§ **ASSIGNMENT**
All that is wanted is the lines from the first line of the listing below through the line containing "Geantă de damă", written out exactly with pictures left out.

§ **SUPPLIED ENTRIES**
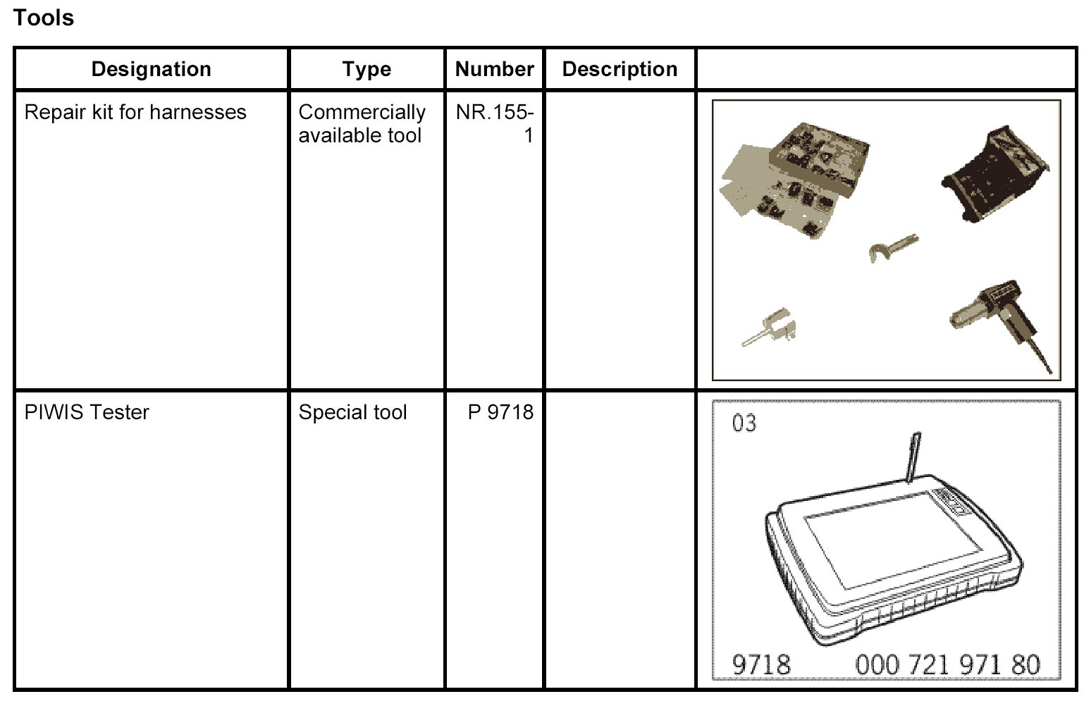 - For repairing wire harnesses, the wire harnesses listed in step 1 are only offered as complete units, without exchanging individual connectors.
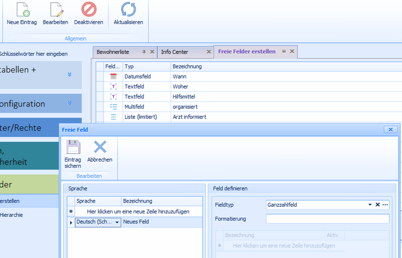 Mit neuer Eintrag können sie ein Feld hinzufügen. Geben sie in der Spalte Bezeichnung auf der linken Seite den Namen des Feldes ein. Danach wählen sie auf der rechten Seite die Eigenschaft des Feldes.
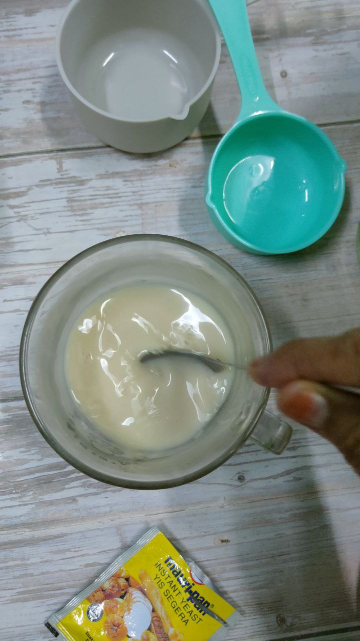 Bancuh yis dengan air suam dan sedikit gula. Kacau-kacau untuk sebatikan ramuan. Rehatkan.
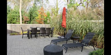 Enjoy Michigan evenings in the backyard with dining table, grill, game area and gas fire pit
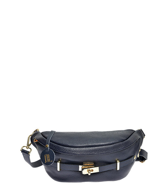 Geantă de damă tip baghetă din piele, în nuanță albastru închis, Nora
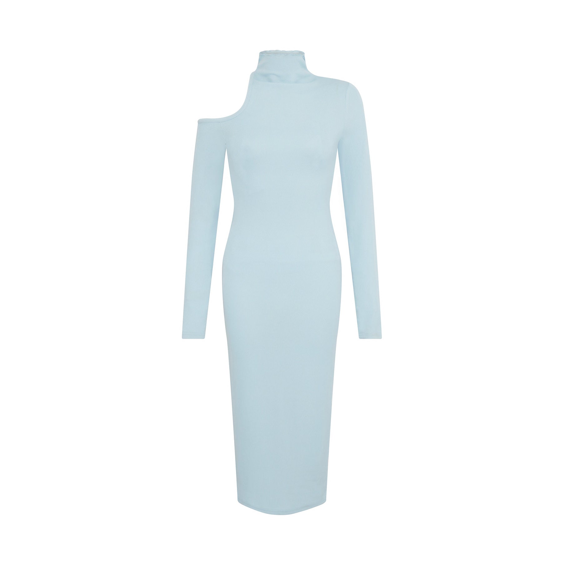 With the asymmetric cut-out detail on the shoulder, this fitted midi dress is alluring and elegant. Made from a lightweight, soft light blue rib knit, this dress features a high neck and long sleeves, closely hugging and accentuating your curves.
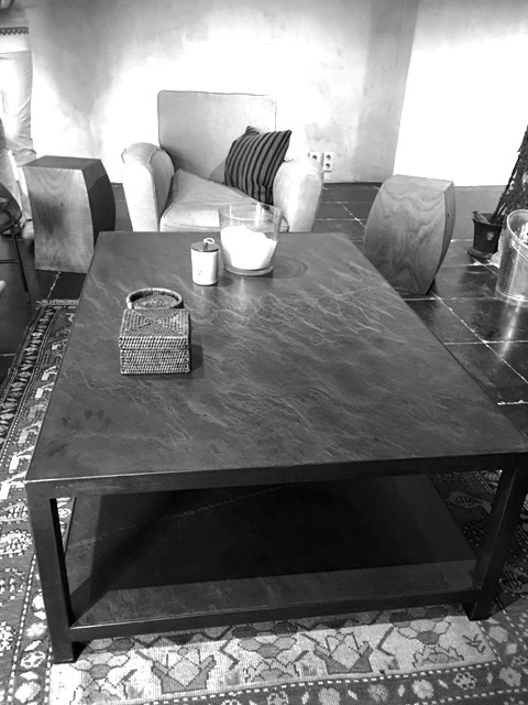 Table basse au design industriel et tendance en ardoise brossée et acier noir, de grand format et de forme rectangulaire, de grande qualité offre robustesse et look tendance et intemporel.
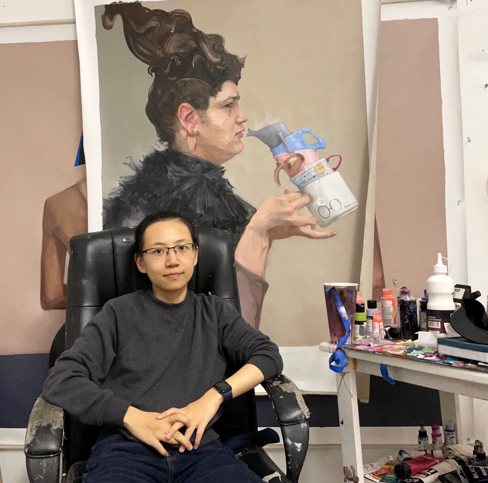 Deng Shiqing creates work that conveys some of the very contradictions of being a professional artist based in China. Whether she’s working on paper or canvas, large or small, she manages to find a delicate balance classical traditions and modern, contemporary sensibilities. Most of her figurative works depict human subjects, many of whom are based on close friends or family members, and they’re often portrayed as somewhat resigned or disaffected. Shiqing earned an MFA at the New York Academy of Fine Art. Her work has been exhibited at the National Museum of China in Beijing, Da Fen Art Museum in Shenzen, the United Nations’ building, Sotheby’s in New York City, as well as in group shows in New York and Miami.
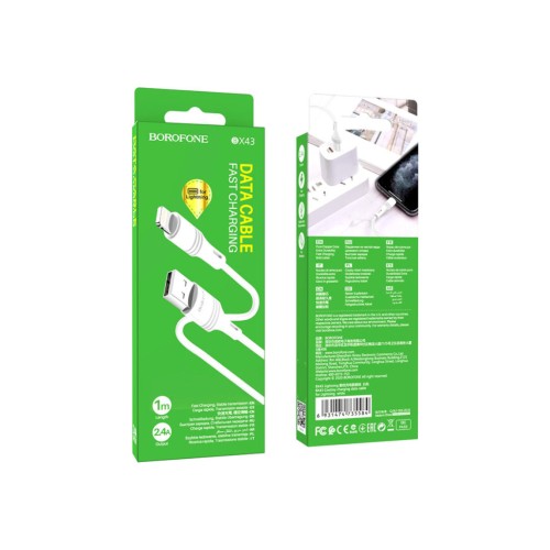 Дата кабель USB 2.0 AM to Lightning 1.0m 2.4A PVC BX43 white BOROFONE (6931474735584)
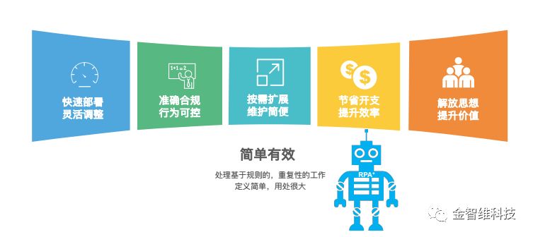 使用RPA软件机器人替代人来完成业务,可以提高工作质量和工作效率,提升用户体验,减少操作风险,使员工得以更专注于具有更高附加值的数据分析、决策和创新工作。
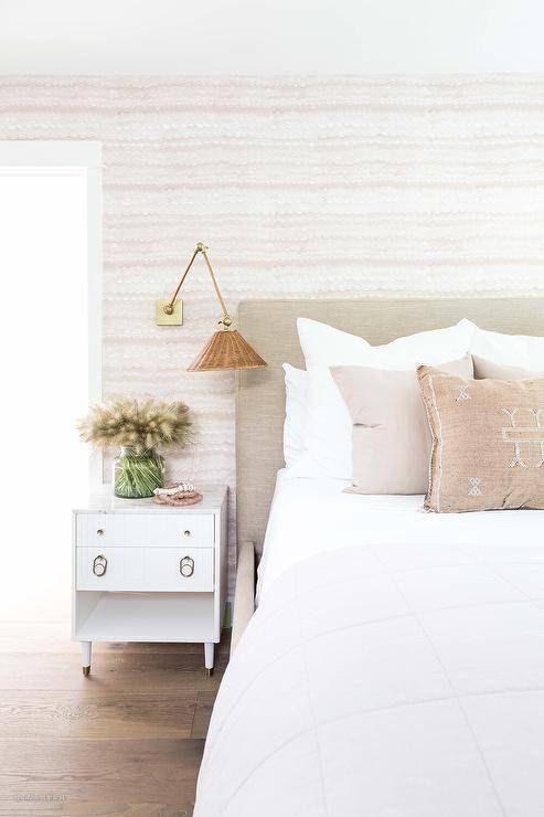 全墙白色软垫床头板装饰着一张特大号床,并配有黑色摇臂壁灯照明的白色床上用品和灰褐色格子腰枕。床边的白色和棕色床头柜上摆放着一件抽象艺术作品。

§ **PROBLEM SOLUTION**
 - For repairing wire harnesses, the wire harnesses listed in step 1 are only offered as complete units, without exchanging individual connectors.
 Mit neuer Eintrag können sie ein Feld hinzufügen. Geben sie in der Spalte Bezeichnung auf der linken Seite den Namen des Feldes ein. Danach wählen sie auf der rechten Seite die Eigenschaft des Feldes.
 Bancuh yis dengan air suam dan sedikit gula. Kacau-kacau untuk sebatikan ramuan. Rehatkan.
 Enjoy Michigan evenings in the backyard with dining table, grill, game area and gas fire pit
 Geantă de damă tip baghetă din piele, în nuanță albastru închis, Nora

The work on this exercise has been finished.